Genetic interaction of GSH metabolic pathway genes in cystic fibrosis

Background

Cystic fibrosis (CF) is a monogenic disease caused by CFTR gene mutations, with clinical expression similar to complex disease, influenced by genetic and environmental factors. Among the possible modifier genes, those associated to metabolic pathways of glutathione (GSH) have been considered as potential modulators of CF clinical severity. In this way it is of pivotal importance investigate gene polymorphisms at Glutamate-Cysteine Ligase, Catalytic Subunit (GCLC), Glutathione S-transferase Mu 1 (GSTM1), Glutathione S-transferase Theta 1 (GSTT1), and Glutathione S-transferase P1 (GSTP1), which have been associated to the GSH metabolic pathway and CF clinical severity.

Method

A total of 180 CF’s patients were included in this study, which investigated polymorphisms in GCLC and GST genes (GCLC -129C>T and -3506A>G; GSTM1 and GSTT1 genes deletion, and GSTP1*+313A>G) by PCR and PCR-RFLP associating to clinical variables of CF severity, including variables of sex, clinical scores [Shwachman-Kulczycki, Kanga e Bhalla (BS)], body mass index, patient age, age for diagnosis, first clinical symptoms, first colonization by Pseudomonas aeruginosa, sputum’s microorganisms, hemoglobin oxygen saturation in the blood, spirometry and comorbidities.
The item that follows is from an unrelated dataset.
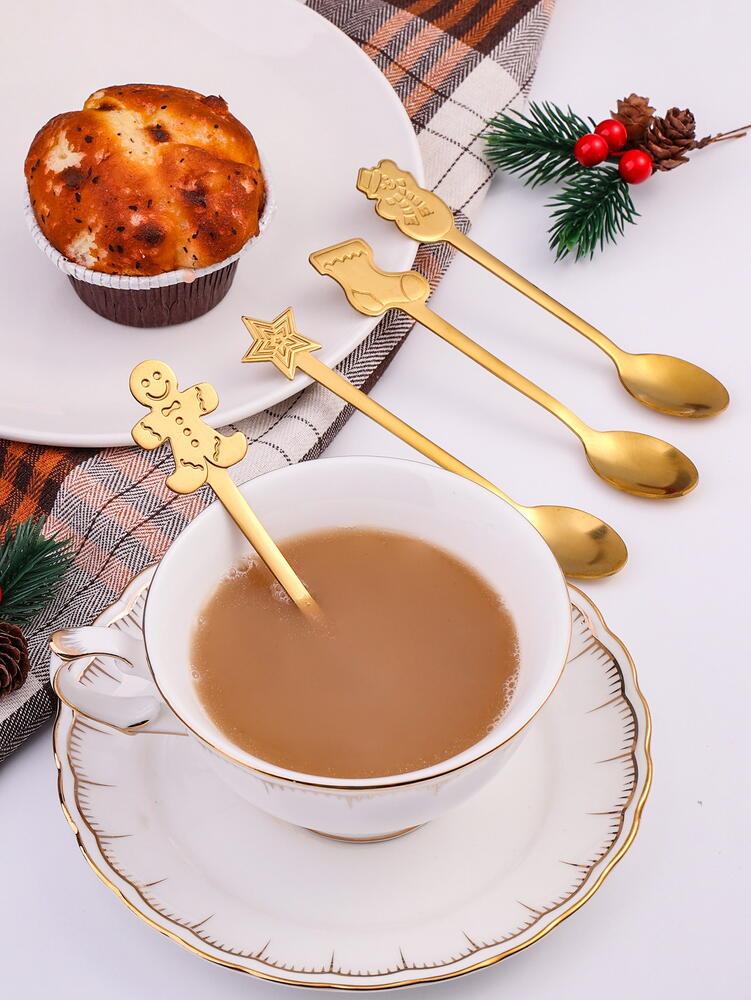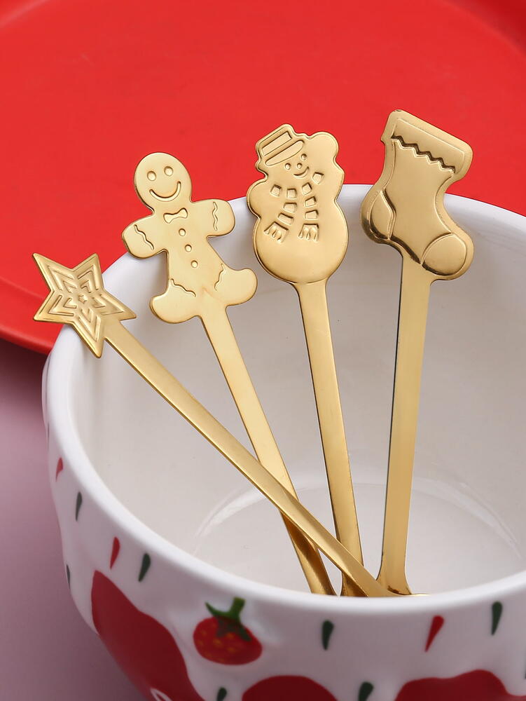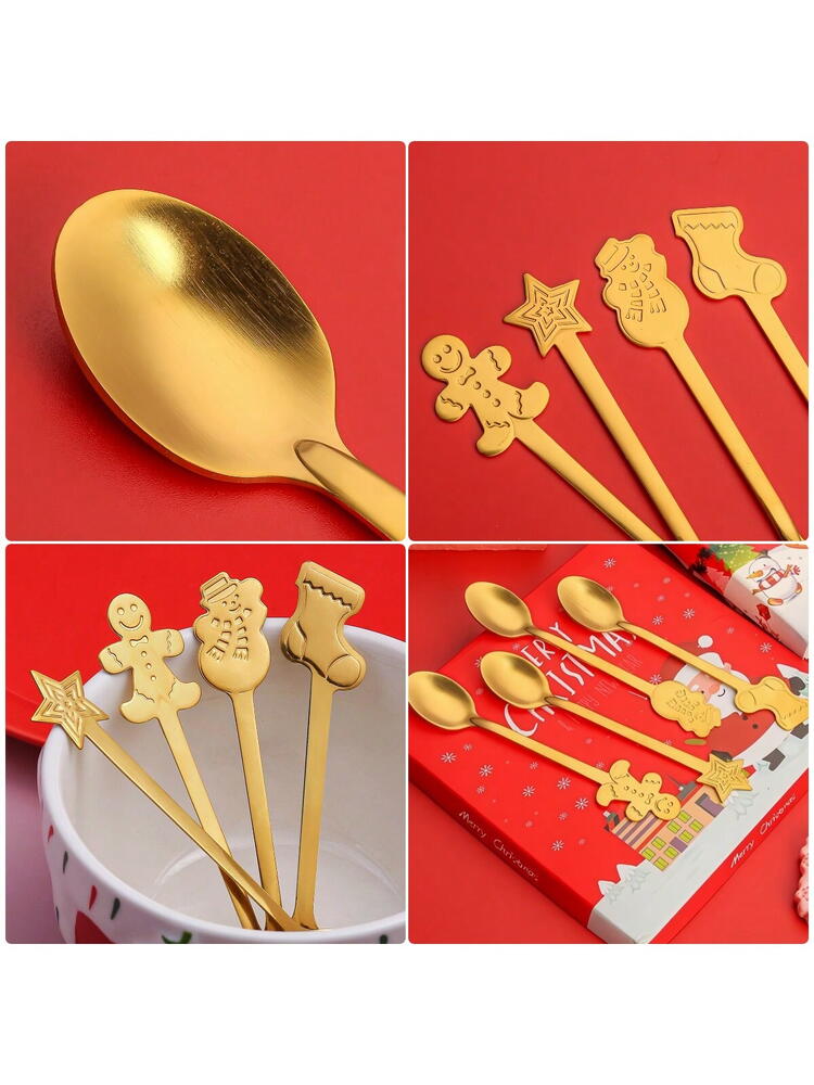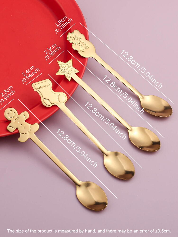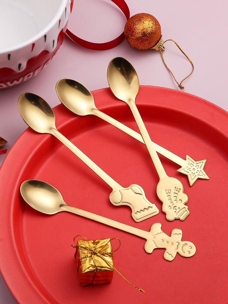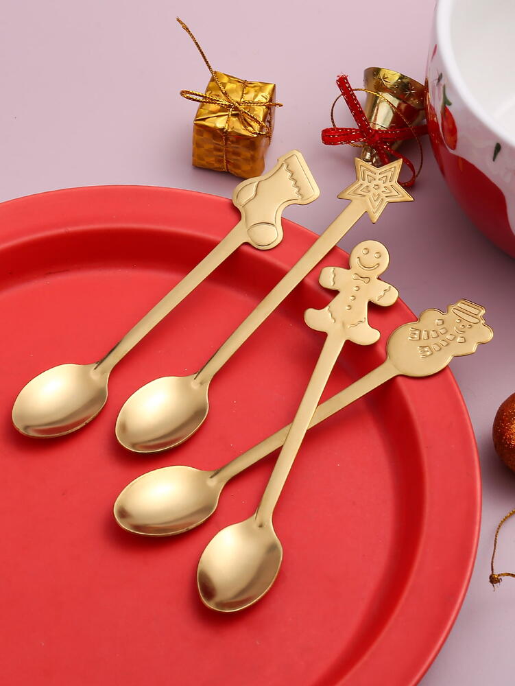 Set 4 lingurite, tematica de Craciun, Auriu
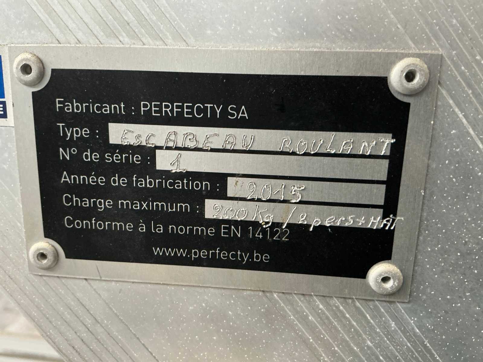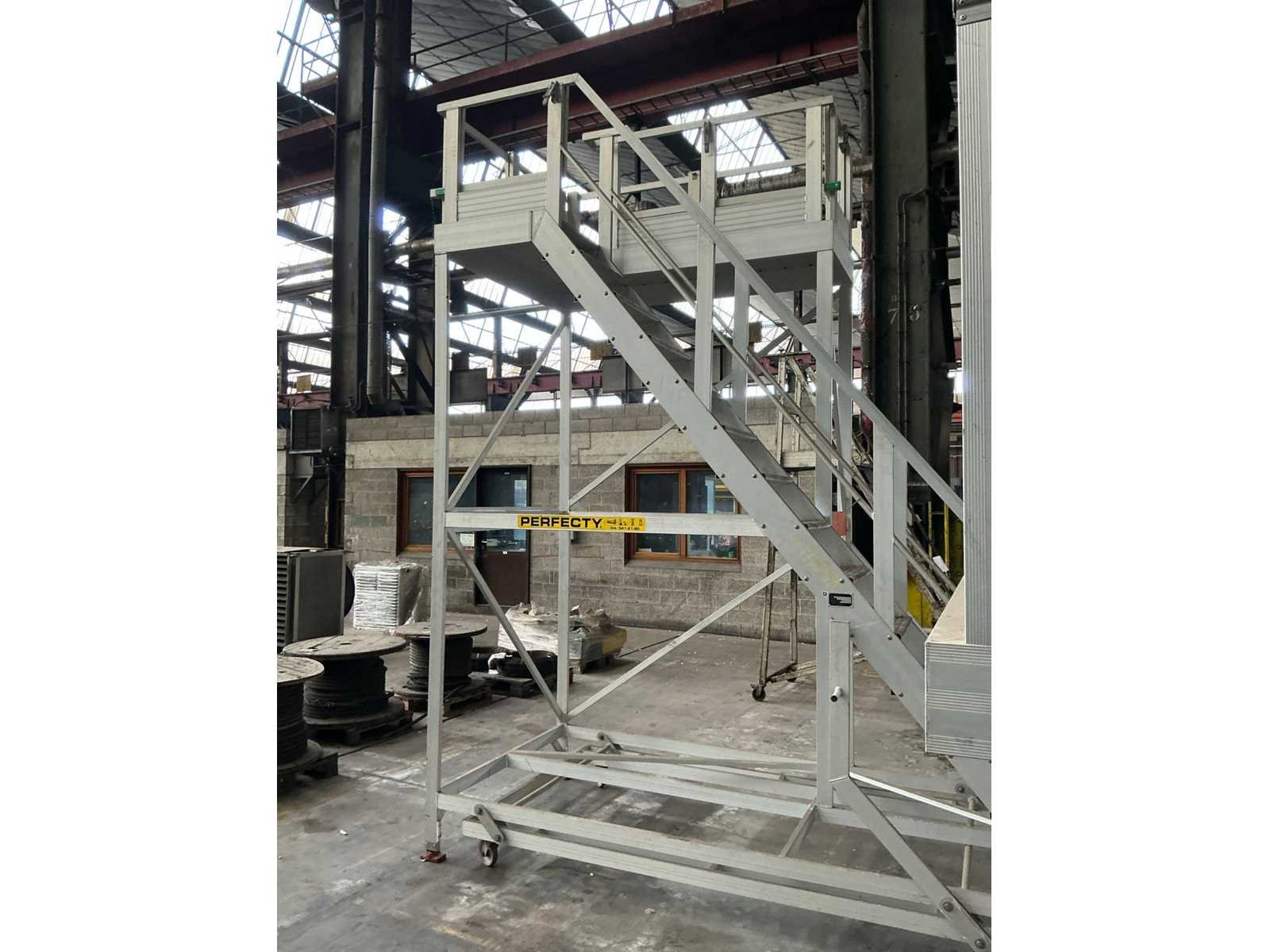 Kenmerken: - Breedte tredes 540mm - Draagcapaciteit 200kg/ 2 pers. - Hoogte bovenste trede/ platformhoogte 3200mm - Voorzien van inklapbare wielen - Voorzien van neerklapbare leuning 650/1100mm Nee Merk: Perfecty Bouwjaar: 2015 Aantal treden: 15 Aluminium: true Enkel: true Totale afmeting L: 3200mm Totale afmeting Breedte: 1500mm Totale afmeting Hoogte: 3830mm

The CFTR genotype was investigated in all patients, and the genetic interaction was performed using MDR2.0 and MDRPT0.4.7 software.

Results

The analysis of multiple genes in metabolic pathways in diseases with variable clinical expression, as CF disease, enables understanding of phenotypic diversity. Our data show evidence of interaction between the GSTM1 and GSTT1 genes deletion, and GSTP1*+313A>G polymorphism with CFTR gene mutation classes, and BS (Balance testing accuracy= 0.6824, p= 0.008), which measures the commitment of bronchopulmonary segments by tomography.

Conclusion

Polymorphisms in genes associated with metabolism of GSH act on the CF’s severity.

Cystic Fibrosis (CF) is a common disease in Caucasian population, with a prevalence of 1:2,500 live births [1]. CF shows an autosomal recessive pattern of inheritance [2], which is caused by mutations in Cystic Fibrosis Transmembrane Regulator (CFTR) gene. More than 1,900 mutations in CFTR gene have been associated to CF clinical severity [3–6]. However, in the pulmonary disease, which is the main cause of CF morbidity and mortality, several studies have demonstrated that clinical variability is influenced by modifier genes and environmental factors [2, 7].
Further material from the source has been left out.